The move to combine the businesses is expected to give potential investors a better sense of the scale of Aramco’s trading and would also allow the state oil producer to simplify financial reporting and cut duplication.
The restructuring is likely to be announced before the end of the year, one of the two people familiar with the matter said. The merger would come four years after Shell Plc exited Motiva Enterprises, leaving Aramco in control of Motiva Trading and Motiva’s refinery, the largest in the United States.
Saudi Aramco and other Middle East producers accelerated their trading efforts as a way to boost incomes after the 2014 collapse in oil prices. They have slowly gained market share from oil majors and Swiss commodity merchants, using access to their own feedstocks and strength in refining to compete aggressively.
Plans for the combination come amid reports Aramco plans an initial public offering of its trading business and as European countries move away from buying Russian crude over its invasion of Ukraine.
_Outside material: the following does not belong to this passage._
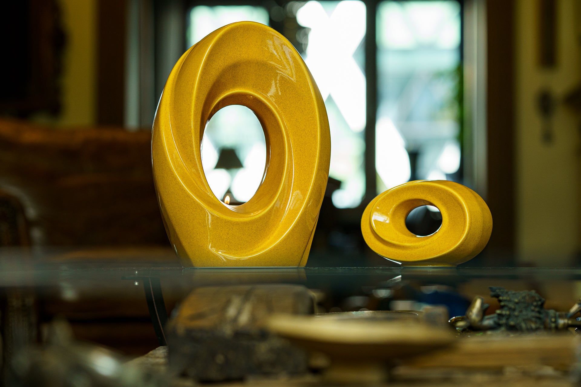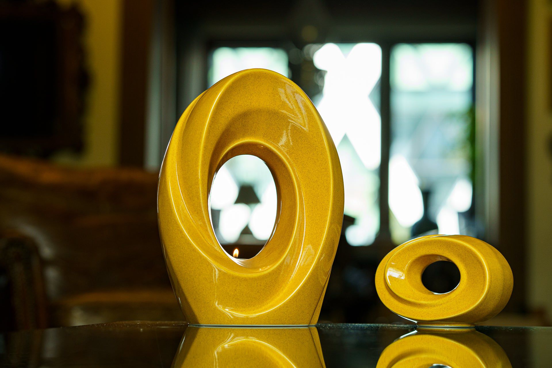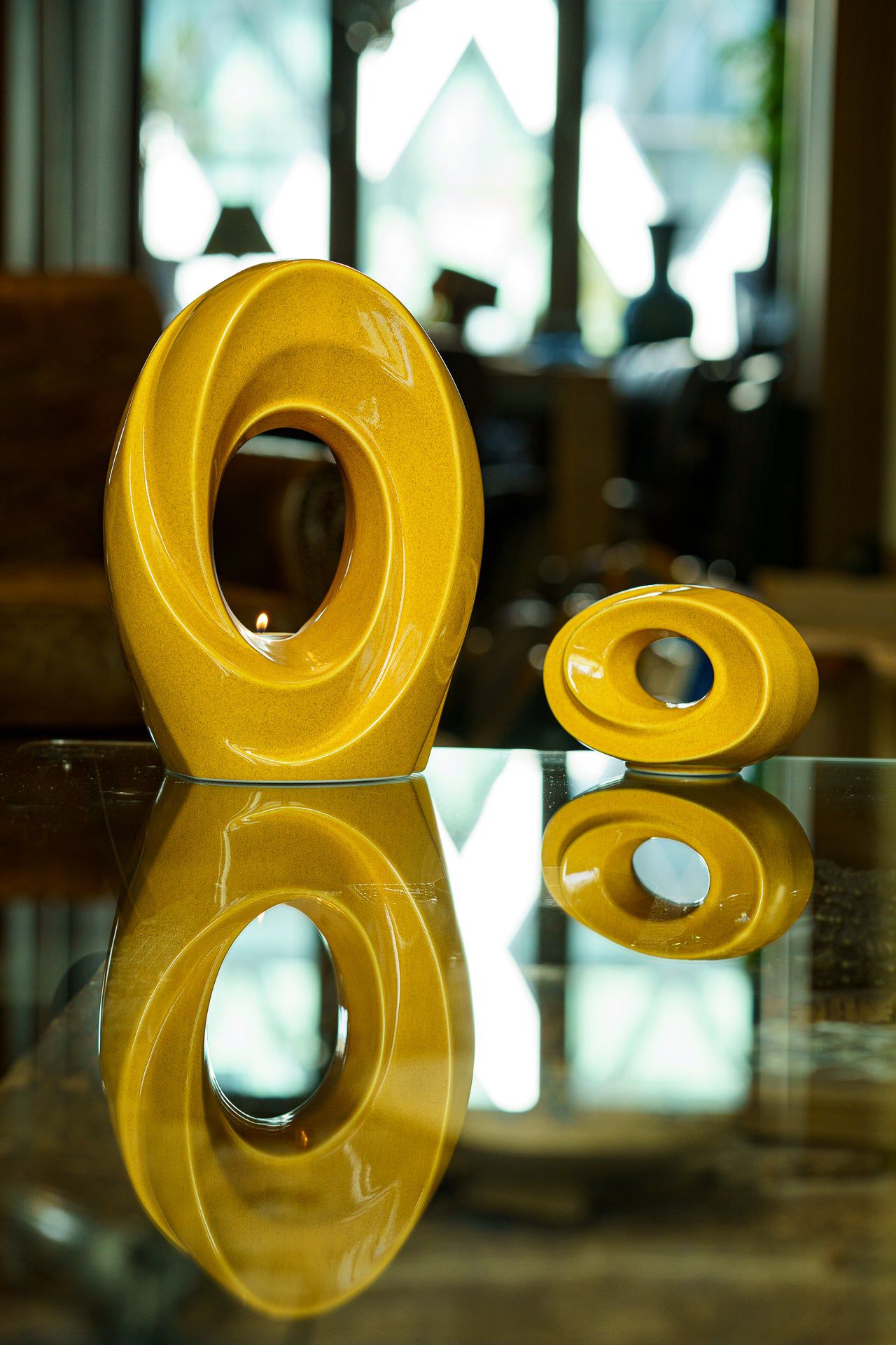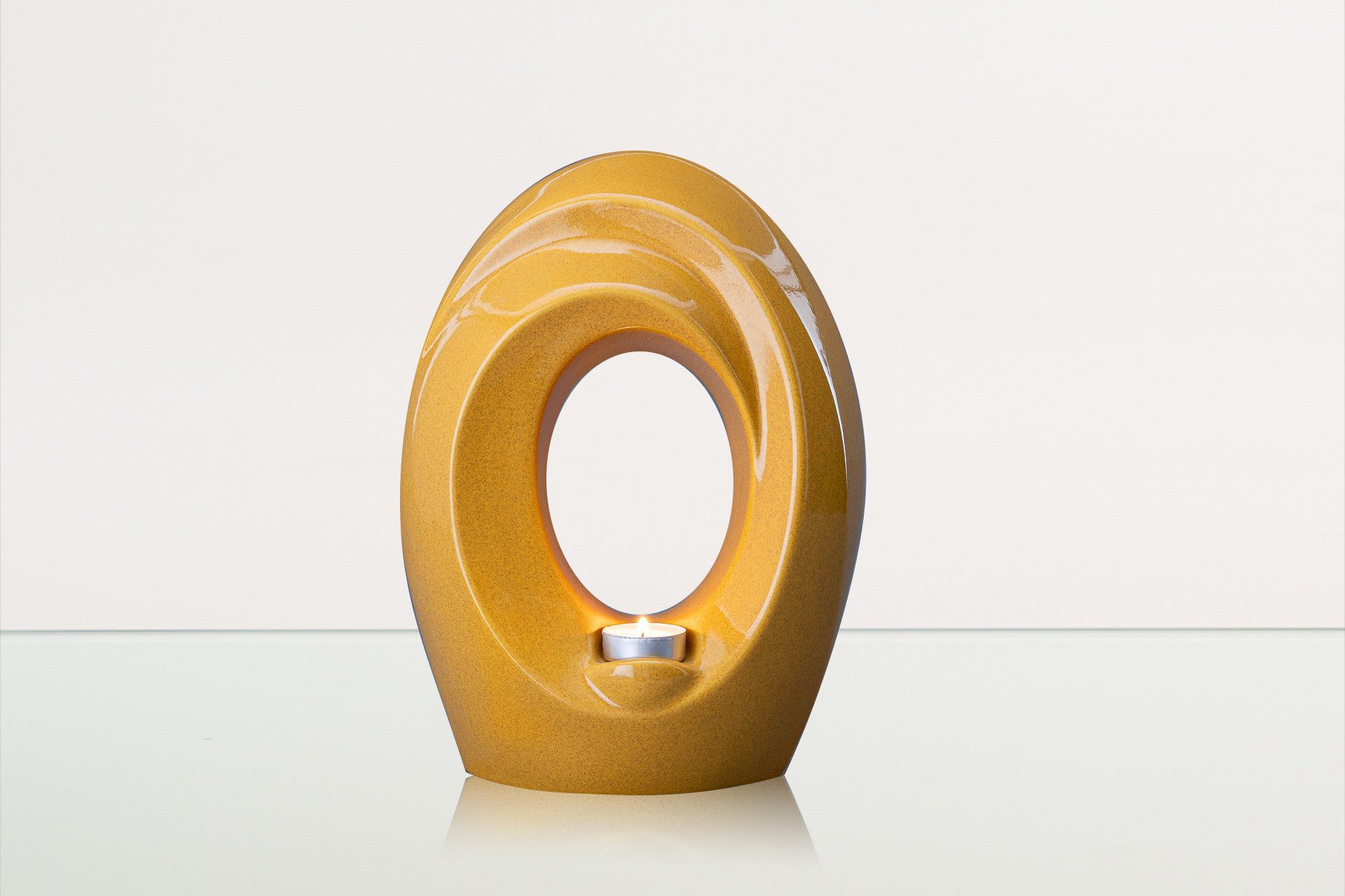 Urna cineraria artigianale per ceneri “Il Passaggio” – Urna grande | Giallo ambra | In ceramica

The two people familiar with the situation, who are not authorized to speak to reporters, did not confirm plans for an IPO.
Motiva and Saudi Aramco spokespeople declined to comment, while ATC did not immediately respond to requests for a comment.
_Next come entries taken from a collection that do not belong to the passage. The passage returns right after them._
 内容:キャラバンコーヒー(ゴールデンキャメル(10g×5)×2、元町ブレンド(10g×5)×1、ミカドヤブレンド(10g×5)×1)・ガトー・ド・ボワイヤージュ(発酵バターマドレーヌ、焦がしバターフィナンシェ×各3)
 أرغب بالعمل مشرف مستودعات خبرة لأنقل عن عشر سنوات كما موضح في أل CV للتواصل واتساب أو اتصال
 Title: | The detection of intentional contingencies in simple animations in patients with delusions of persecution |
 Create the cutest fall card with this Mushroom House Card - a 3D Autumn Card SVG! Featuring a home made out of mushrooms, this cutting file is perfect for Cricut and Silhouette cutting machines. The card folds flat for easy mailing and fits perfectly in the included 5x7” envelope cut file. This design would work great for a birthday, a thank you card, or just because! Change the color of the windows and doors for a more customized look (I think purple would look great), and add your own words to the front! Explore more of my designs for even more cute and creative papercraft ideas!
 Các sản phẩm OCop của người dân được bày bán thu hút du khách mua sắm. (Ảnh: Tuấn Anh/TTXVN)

Saudi Arabia’s state oil monopoly, Saudi Aramco, is the world’s top oil producer. It plans to increase output capacity to 13.4 million barrels per day by 2027 from 12.4 million currently and from May’s actual 10.5 million bpd.
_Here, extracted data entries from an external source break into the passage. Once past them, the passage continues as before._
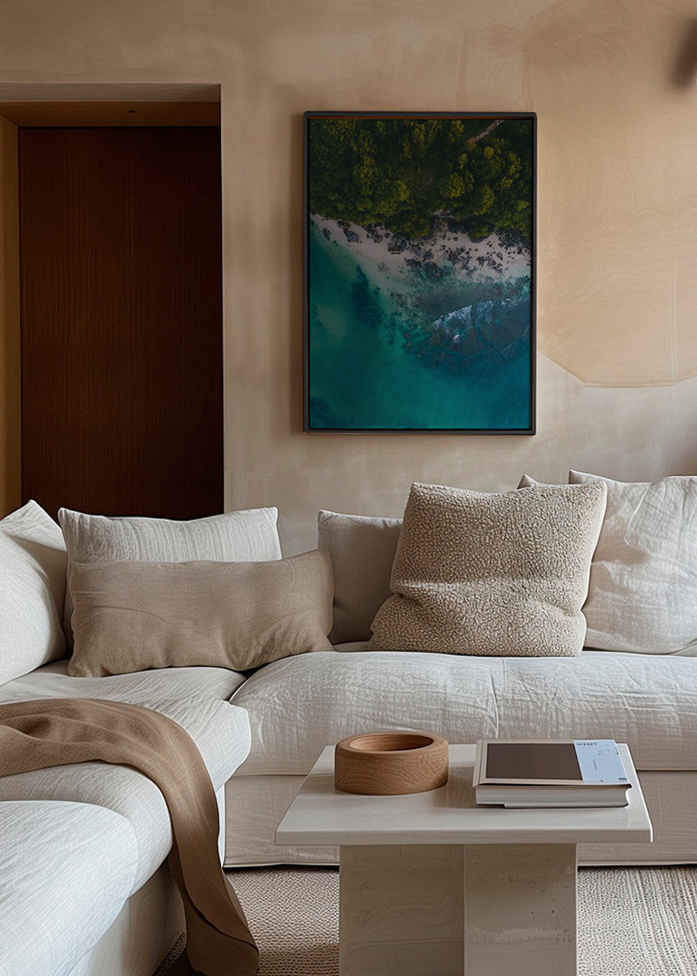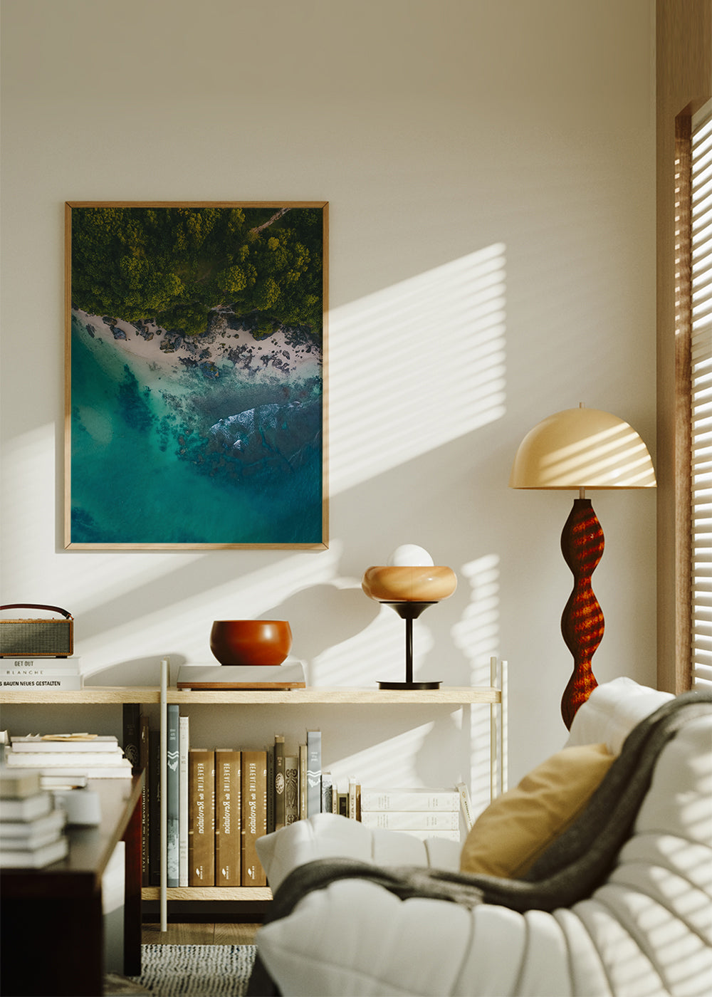 Bonito póster de nuestro repertorio de cuadros de viajes, en tonos azules, y de disposición vertical. La tranquilidad y libertad que transmiten los cuadros de paisajes es única. Deja que el arte inunde tu hogar.
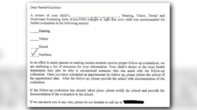 I brevet står det att deras dotter behöver ytterligare undersökningar av läkare då hennes BMI är för högt i förhållande till vad som rekommenderas för hennes ålder.
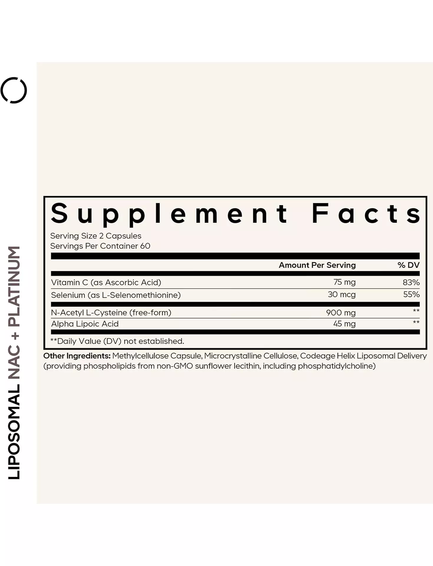 CodeAge Liposomal NAC+ Platinum / Ліпосомальний NAC N-ацетил L-цистеїн 120 капсул
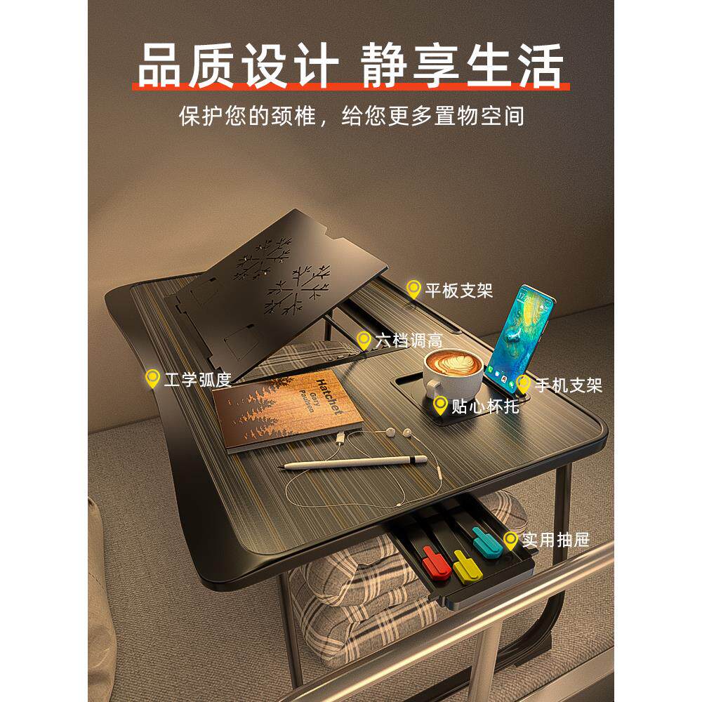 可升降折叠床上小桌子简约宿舍学生写字床上书桌学习调节高度支架家用卧室坐地飘窗懒人笔记本电脑办公小桌板

Aramco’s share of U.S. oil imports has declined in recent decades as it turned more to Asia and as U.S. shale output grew. However, refiner Motiva remains an important outlet for Saudi crude and its entry point into the world’s biggest oil consuming market.
It was not immediately clear which of the two businesses’ executives would be put in charge of the merged operation. Aramco’s listing plans are part of a wider Saudi 2030 vision which encourages extracting maximum value from traditional fossil fuel industries to help diversify the economy.
ATC was set up in Dhahran in 2012 and has offices in London, Singapore and the United Arab Emirates. It began by marketing refined products and petrochemicals and later expanded into crude trading that fed ventures such as Motiva and S-Oil in South Korea.
ATC is a top blender in the Arabian Gulf and India and the largest charterer of refined products in the Middle East, according to its LinkedIn profile. The bulk of ATC’s traded crude belongs to third parties – Kuwaiti and UAE crudes with some Guyana and indirectly, Iraqi Basra.
Motiva Trading trades crude oil, feedstocks, refined products and bio-fuels, managing transactions covering 2.8 million barrels per day, according to its website.
Competition between Saudi Arabia and Russia in European and Asian markets has been heating up in recent years even as the two major producers cooperated under the OPEC+ production-limiting deal.
Since the start of the year, ATC and its parent company have signed at least two crude supply deals in northern Europe.
ATC agreed to exclusively supply Klesch Group’s Kalundborg refinery in Denmark and in Poland, Aramco bought refining assets and agreed to supply the country’s top refiner.